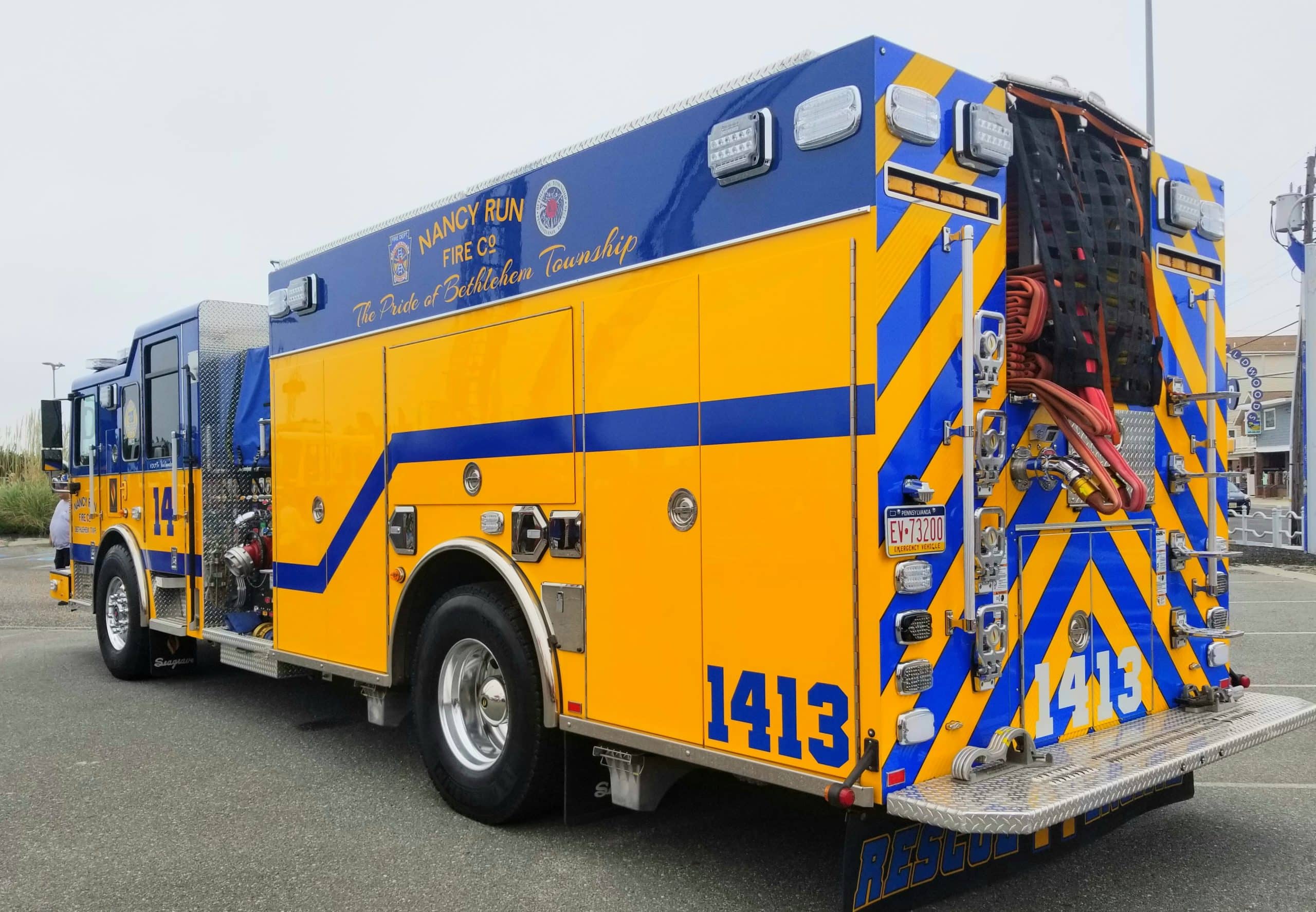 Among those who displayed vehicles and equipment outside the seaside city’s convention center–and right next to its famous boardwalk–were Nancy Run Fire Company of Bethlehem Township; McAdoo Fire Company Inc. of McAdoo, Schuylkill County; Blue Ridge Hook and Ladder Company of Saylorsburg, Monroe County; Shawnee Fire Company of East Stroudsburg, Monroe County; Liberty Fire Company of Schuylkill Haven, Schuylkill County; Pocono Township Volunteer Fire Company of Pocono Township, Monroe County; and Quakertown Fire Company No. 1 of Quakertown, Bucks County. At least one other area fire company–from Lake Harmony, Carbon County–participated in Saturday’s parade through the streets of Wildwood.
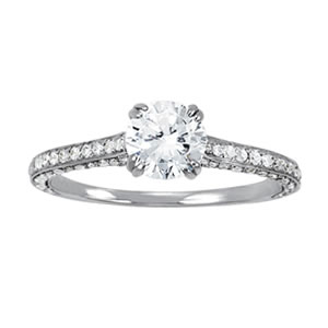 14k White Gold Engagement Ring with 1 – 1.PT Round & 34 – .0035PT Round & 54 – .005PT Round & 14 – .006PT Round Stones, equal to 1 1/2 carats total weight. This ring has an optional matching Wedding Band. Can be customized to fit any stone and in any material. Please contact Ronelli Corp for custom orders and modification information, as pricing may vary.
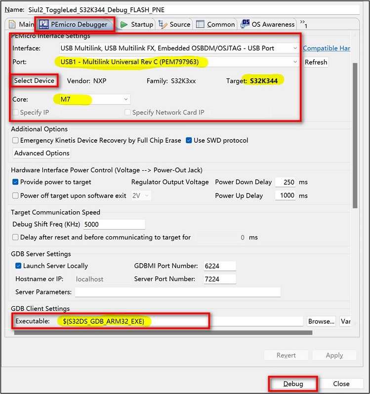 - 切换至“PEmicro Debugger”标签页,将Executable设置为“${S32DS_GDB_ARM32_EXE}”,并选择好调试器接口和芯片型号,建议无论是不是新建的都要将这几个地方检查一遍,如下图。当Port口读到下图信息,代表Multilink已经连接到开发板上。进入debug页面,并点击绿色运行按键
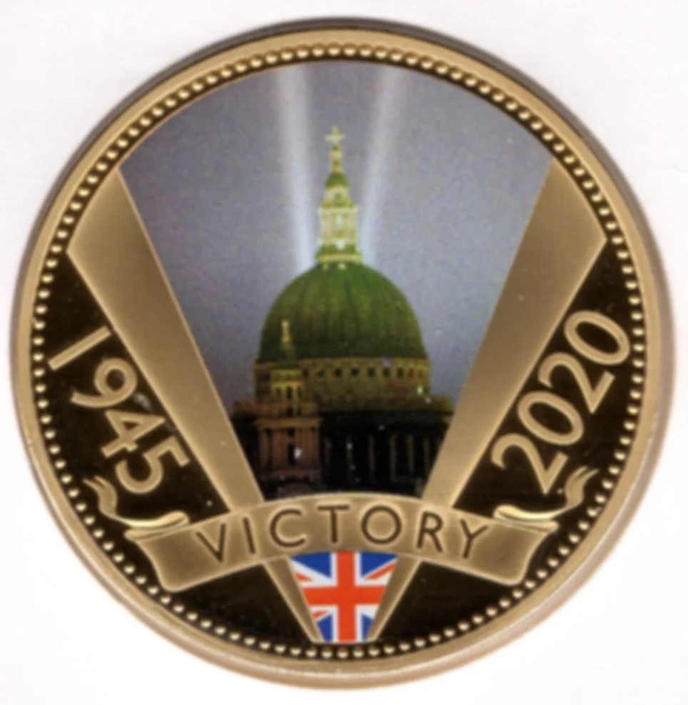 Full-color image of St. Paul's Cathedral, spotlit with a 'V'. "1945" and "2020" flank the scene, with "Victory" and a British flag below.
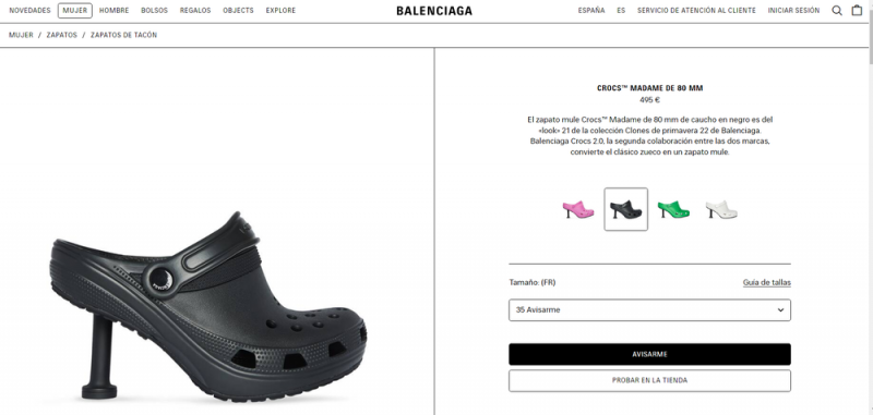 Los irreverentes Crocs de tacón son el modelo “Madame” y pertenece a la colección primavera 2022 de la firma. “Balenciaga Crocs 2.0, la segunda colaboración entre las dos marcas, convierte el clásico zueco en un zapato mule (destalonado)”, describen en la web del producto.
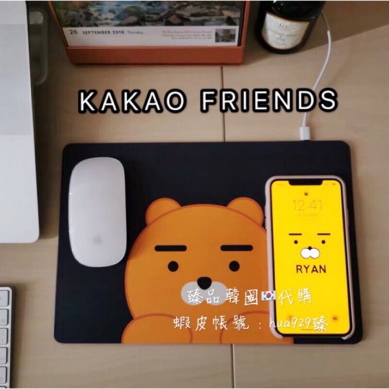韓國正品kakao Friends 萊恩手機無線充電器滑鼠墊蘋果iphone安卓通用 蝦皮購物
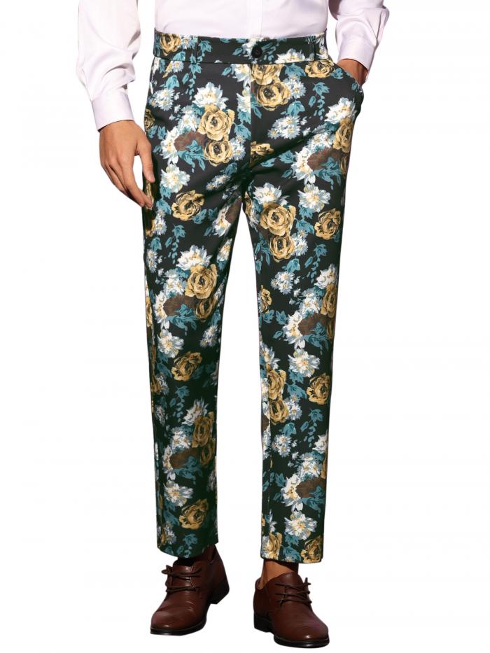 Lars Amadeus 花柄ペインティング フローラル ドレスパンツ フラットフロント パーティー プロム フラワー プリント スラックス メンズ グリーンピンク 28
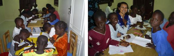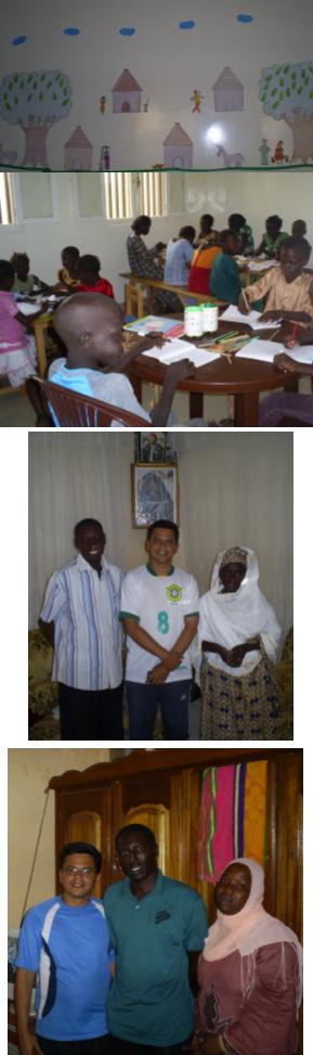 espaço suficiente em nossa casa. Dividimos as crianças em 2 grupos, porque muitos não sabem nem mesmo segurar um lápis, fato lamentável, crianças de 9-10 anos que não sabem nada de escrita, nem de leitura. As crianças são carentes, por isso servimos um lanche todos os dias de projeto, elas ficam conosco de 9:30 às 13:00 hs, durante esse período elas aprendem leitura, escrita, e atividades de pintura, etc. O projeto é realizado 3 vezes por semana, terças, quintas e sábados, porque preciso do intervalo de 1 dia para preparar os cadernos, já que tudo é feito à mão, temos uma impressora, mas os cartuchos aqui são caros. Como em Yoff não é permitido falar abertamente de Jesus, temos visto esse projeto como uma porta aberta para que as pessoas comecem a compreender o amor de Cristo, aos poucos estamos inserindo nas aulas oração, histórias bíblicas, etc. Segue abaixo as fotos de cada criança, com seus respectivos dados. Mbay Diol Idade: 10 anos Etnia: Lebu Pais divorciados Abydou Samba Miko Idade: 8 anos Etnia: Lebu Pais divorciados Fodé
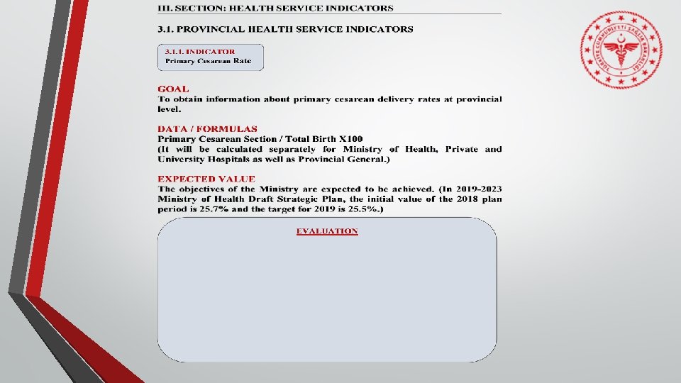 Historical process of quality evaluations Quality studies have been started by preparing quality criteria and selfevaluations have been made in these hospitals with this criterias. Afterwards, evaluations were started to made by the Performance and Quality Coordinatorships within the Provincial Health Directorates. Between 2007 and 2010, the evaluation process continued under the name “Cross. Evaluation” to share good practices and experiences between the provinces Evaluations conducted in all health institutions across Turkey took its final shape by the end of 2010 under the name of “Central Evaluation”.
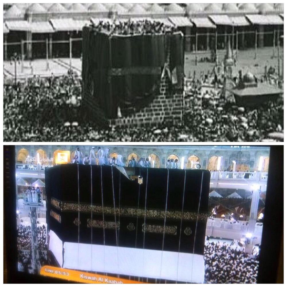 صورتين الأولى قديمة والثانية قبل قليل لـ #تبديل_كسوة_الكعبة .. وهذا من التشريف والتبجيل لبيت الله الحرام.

> [AIM OF THE TASK] Omit the pictures and print the listing exactly.

> [SOLUTION FOR THIS TASK]
 Among those who displayed vehicles and equipment outside the seaside city’s convention center–and right next to its famous boardwalk–were Nancy Run Fire Company of Bethlehem Township; McAdoo Fire Company Inc. of McAdoo, Schuylkill County; Blue Ridge Hook and Ladder Company of Saylorsburg, Monroe County; Shawnee Fire Company of East Stroudsburg, Monroe County; Liberty Fire Company of Schuylkill Haven, Schuylkill County; Pocono Township Volunteer Fire Company of Pocono Township, Monroe County; and Quakertown Fire Company No. 1 of Quakertown, Bucks County. At least one other area fire company–from Lake Harmony, Carbon County–participated in Saturday’s parade through the streets of Wildwood.
 14k White Gold Engagement Ring with 1 – 1.PT Round & 34 – .0035PT Round & 54 – .005PT Round & 14 – .006PT Round Stones, equal to 1 1/2 carats total weight. This ring has an optional matching Wedding Band. Can be customized to fit any stone and in any material. Please contact Ronelli Corp for custom orders and modification information, as pricing may vary.
 - 切换至“PEmicro Debugger”标签页,将Executable设置为“${S32DS_GDB_ARM32_EXE}”,并选择好调试器接口和芯片型号,建议无论是不是新建的都要将这几个地方检查一遍,如下图。当Port口读到下图信息,代表Multilink已经连接到开发板上。进入debug页面,并点击绿色运行按键
 Full-color image of St. Paul's Cathedral, spotlit with a 'V'. "1945" and "2020" flank the scene, with "Victory" and a British flag below.
 Los irreverentes Crocs de tacón son el modelo “Madame” y pertenece a la colección primavera 2022 de la firma. “Balenciaga Crocs 2.0, la segunda colaboración entre las dos marcas, convierte el clásico zueco en un zapato mule (destalonado)”, describen en la web del producto.
韓國正品kakao Friends 萊恩手機無線充電器滑鼠墊蘋果iphone安卓通用 蝦皮購物
 Lars Amadeus 花柄ペインティング フローラル ドレスパンツ フラットフロント パーティー プロム フラワー プリント スラックス メンズ グリーンピンク 28
 espaço suficiente em nossa casa. Dividimos as crianças em 2 grupos, porque muitos não sabem nem mesmo segurar um lápis, fato lamentável, crianças de 9-10 anos que não sabem nada de escrita, nem de leitura. As crianças são carentes, por isso servimos um lanche todos os dias de projeto, elas ficam conosco de 9:30 às 13:00 hs, durante esse período elas aprendem leitura, escrita, e atividades de pintura, etc. O projeto é realizado 3 vezes por semana, terças, quintas e sábados, porque preciso do intervalo de 1 dia para preparar os cadernos, já que tudo é feito à mão, temos uma impressora, mas os cartuchos aqui são caros. Como em Yoff não é permitido falar abertamente de Jesus, temos visto esse projeto como uma porta aberta para que as pessoas comecem a compreender o amor de Cristo, aos poucos estamos inserindo nas aulas oração, histórias bíblicas, etc. Segue abaixo as fotos de cada criança, com seus respectivos dados. Mbay Diol Idade: 10 anos Etnia: Lebu Pais divorciados Abydou Samba Miko Idade: 8 anos Etnia: Lebu Pais divorciados Fodé
 Historical process of quality evaluations Quality studies have been started by preparing quality criteria and selfevaluations have been made in these hospitals with this criterias. Afterwards, evaluations were started to made by the Performance and Quality Coordinatorships within the Provincial Health Directorates. Between 2007 and 2010, the evaluation process continued under the name “Cross. Evaluation” to share good practices and experiences between the provinces Evaluations conducted in all health institutions across Turkey took its final shape by the end of 2010 under the name of “Central Evaluation”.
 صورتين الأولى قديمة والثانية قبل قليل لـ #تبديل_كسوة_الكعبة .. وهذا من التشريف والتبجيل لبيت الله الحرام.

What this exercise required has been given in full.